Criollo – variety of tobacco seeds used for the leaves of tripe. Resistant to sunlight, it will be grown outdoors.
Snake – it designates three twisted cigars linked together indicating the origin of the twisters.
Half-wheel – fagot. Wrapped bundle of 50 cigars. Quarter wheel = 25 cigars.
Stemming – manipulation to remove the central rib of the tobacco leaf. Used for stripping out between two fermentations, except for removing tie wraps in the factory.

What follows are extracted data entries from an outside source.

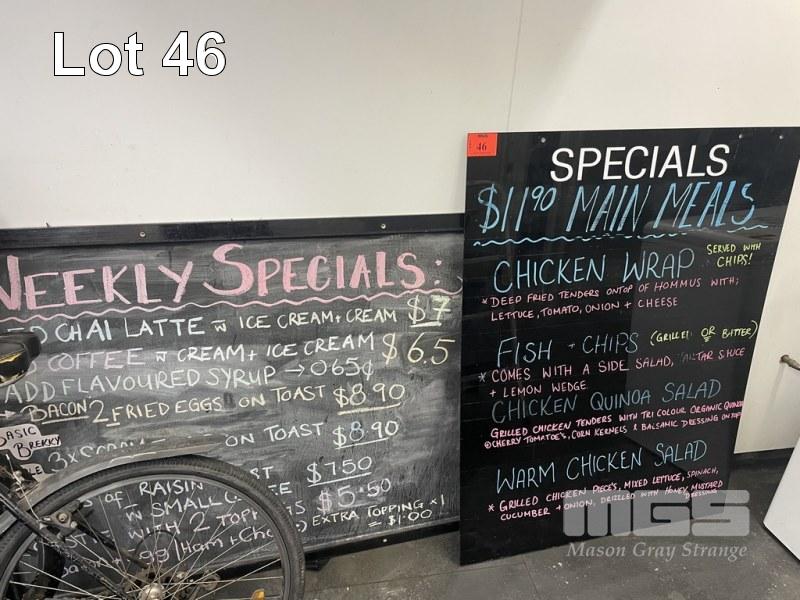 2 x MENU BOARDS, BLACK PERSPEX & CHALKBOARD
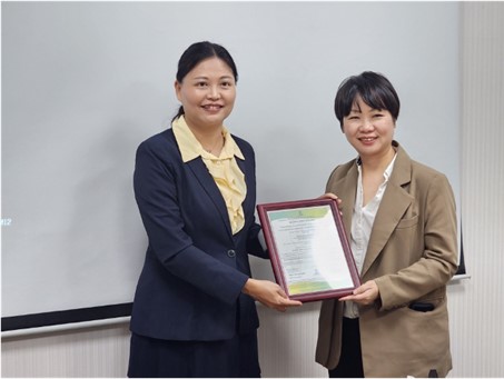 写真1:ビューローベリタス(Bureau Veritas)は、GRS認証書を成信実業に授与しました
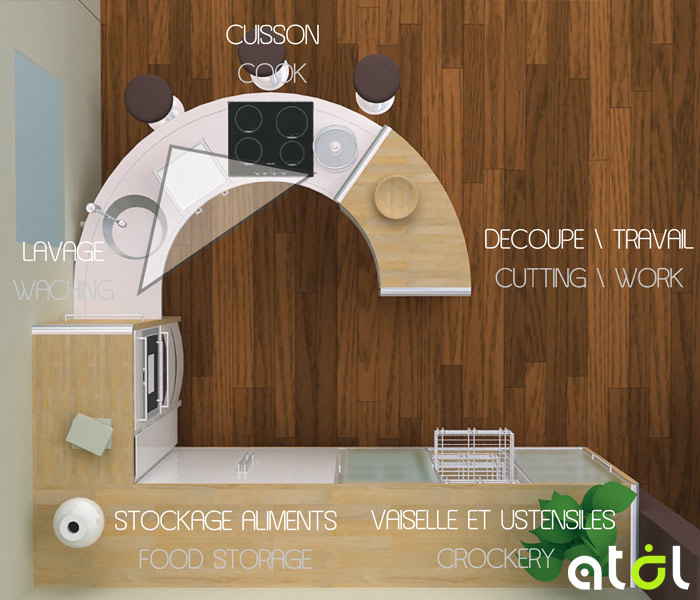 "Atol" try to give an answer to this problem taking into consideration the new social dimension and role of this space and offering to everyone the same pleasure and benefit in the cooking activity.
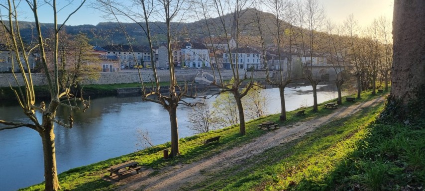 On arrive donc à Saint Antonin Noble Val, le froid est saisissant. Tout le monde s’équipe rapidement et on démarre la rando en pente douce, au bord de l'Aveyron.
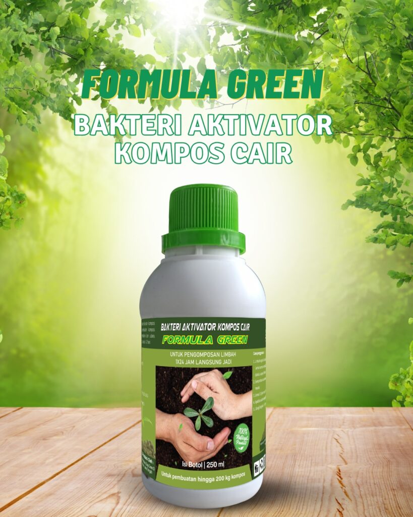 Formula Green merupakan bakteri aktivator kompos dengan konsep aerob yaitu pembuatan kompos terbuka dengan bantuan sinar matahari dan udara. Proses pengomposan hanya butuh waktu 1-2 hari.

Punch – cylindrical hollow cigar cutter that goes into the head and the axis of the cigar, opening a circle that does not damage the edges of the rounded head. It comes from the empty sockets used by cowboys. Attention, its diameter must be commensurate with that of the cigarette.
Figurado – a cigar is not cylindrical, but pointed at one end. There are also Obus, Piramide, Pyramide, Tornado, or Exquisito Campana. Double figurados are sharp on both sides.
Fumigation – processing performed at the factory to eliminate pests in tobacco leaves, including the cigarette beetle. Another kind of fumigation is done on completed cigars. Today, this step is replaced by freezing cigars and systematically killing larvae so that they do not alter the taste of cigars.
Galera or galley – workshop where cigars are made handmade.
Guillotine – a cigar cutter consists of a guillotine blade which makes a sensible cutc, crushing the cigar. Go for cigar cuts with two curved blades, which distribute the cutting forces all around the cigar. Generic term for cutting cigar cutters.
Humidor – a humidor is fitted with a humidification system to keep the cigars around a 70% relative humidity level.
Free pie - lower leaves at the base of the plant, just above the ground.
Liga or ligada – mixture of leaves which gives the cigar its unique character.
Linker - the linker is the person responsible for the liga or ligada and the assembly of tobacco.
Leaf tripe - although ligero means light, it is the leaves that give strength and power. They are generally dark.
Maduro – very dark color of the cigar (the cape)
Module – it indicates a standard size (length and diameter or weight) of the cigar that can be found in various brands.
Foot – end of the cigar which is lit. It is rarely closed.
Doll - the inner part of the cigar beneath the cape and made of tripe wrapped in the sub-wrapper.
Puro - all cigar tobacco (filler, binder and wrapper) comes from the same region, made entirely by hand.
Dress - term equivalent to the cape.
Seco – Leaf tripe. It gives the cigar flavors.
Tapado – it means covered. It means the culture is veiled in wrapper leaves. This web filters the rays of the sun to make more flexible, larger and silkier leaves.
Head - end of the cigar that you put in your mouth to suck the smoke from the burning cigar. It is frequently closed; it is a part of the cape which is more difficult to achieve.
Tiempos – it means classes. It refers to the different kinds (classes) of leaves used to make the filler after the liga.
Twister – roller or rolling machine, person rolling (manufactures) cigars.
Totalmente a mano – Fully handmade. It differentiates handmade cigars from semi-mechanized ones, using the name of Hecho a mano.
Filler – it is the heart of the cigar, La Liga, which will give the cigar its flavor, its strength and its character.
Short filler – tripe performed with “battered” leaves that are cut. It is often performed with falling leaves.
Long filler – elongated filler made with whole leaves of tobacco.
Vega – plantation. It is where tobacco leaves are grown and harvested and finally dried.
Tobacco planter – Worker planting tobacco by hand, which is very challenging because tobacco leaves are very fat and have some blackish grease.
Vitola – it is a cigar brand with a specific and defined module. In Cuba, it is equivalent to the module. Vitola de Galera is a module name given by the factory. Vitola Salida is the trade name of a module.
Vitophile – collector of cigar bands. Vitola means ring in Spain.
Volado - class of leaf tripe. Lower leaves of the plant. Mild in flavor and strength, it is used for proper combustion.
Volute – Effluvium of smoke rising from the foot of the cigar and bluish white smoke rising to heaven in a twisted dance to the rhythm and majesty of air currents.